» WHAT TO WORK ON:
Repeat exactly the lines below, from the line containing "At the end of" through the last line, both included. Leave out any pictures.
[PROVIDED RECORDS Boundary: Start]
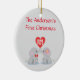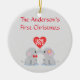 Celebrate your union with this "Couple's first Christmas" ornament. This ornament features a silver customizable background on the front with two baby elephants in an affectionate pose. In the centre is a heart that states "I love you 2". The back of the ornament is red and customizable.
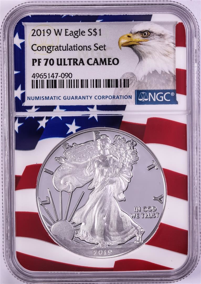 2019-W $1 Proof American Silver Eagle Coin NGC PF70 Ultra Cameo Congratulations Flag
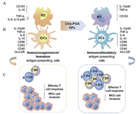 | Fig. 2. Ch/γ-PGA NPs mechanism of action. (A) Ch/γ-PGA NPs promote the conversion of M2-type macrophages to M1-type macrophages, promote positive immune response, reduce CD163 expression, and promote IL-12p40 and TNF-a secretion. (B) Ch/γ-PGA NPs, which are synthesized by the co-acervation method, induce an immunostimulatory dendritic cells phenotype and improve the endocrinology of the proinflammatory cytokines TNF-a, IL-12p40, IL-6 and the expression of the synergistic stimulation molecules CD86, CD40 and HLA-DR. (C) These transitions promote the activation and proliferation of CD4+ and CD8+ T cells, while also suppressing the invasive capacity of colorectal cancer cells. Copied with permission [57]. Copyright 2017, Elsevier Publishing Group. | |
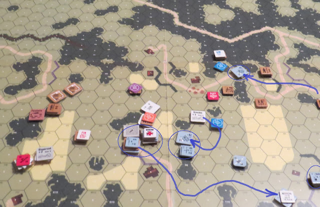 At the end of Dan's part of Turn, the Russians had made some progress, but the German positions were unscathed.
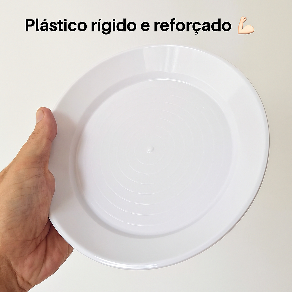 50 Prato Tipo Acrilico Plastico Rigido Refeição 21cm Reutilizavel
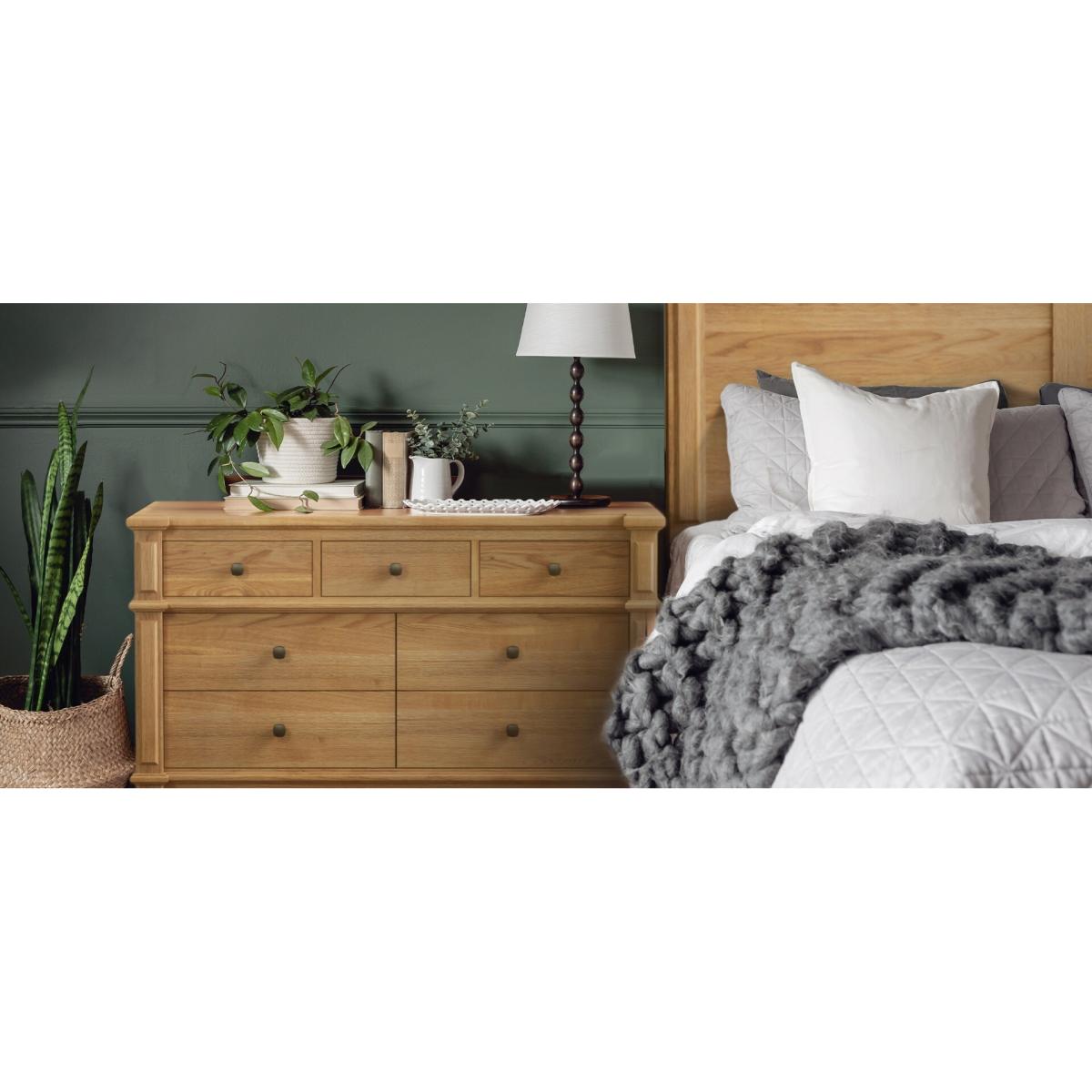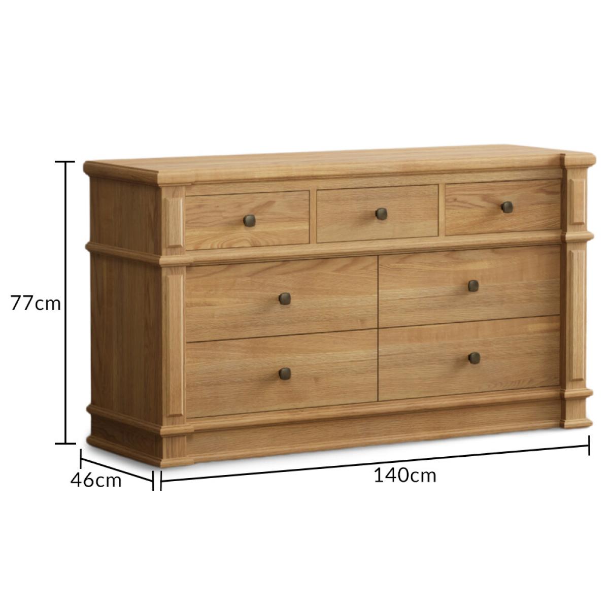 The Lawson Solid Oak Wide Chest of Drawers is crafted from 100% solid oak, complete with 7 Dovetail drawers on wooden runners.
[PROVIDED RECORDS Boundary: End]
» OUTPUT FOR THIS TASK:
 At the end of Dan's part of Turn, the Russians had made some progress, but the German positions were unscathed.
 50 Prato Tipo Acrilico Plastico Rigido Refeição 21cm Reutilizavel
 The Lawson Solid Oak Wide Chest of Drawers is crafted from 100% solid oak, complete with 7 Dovetail drawers on wooden runners.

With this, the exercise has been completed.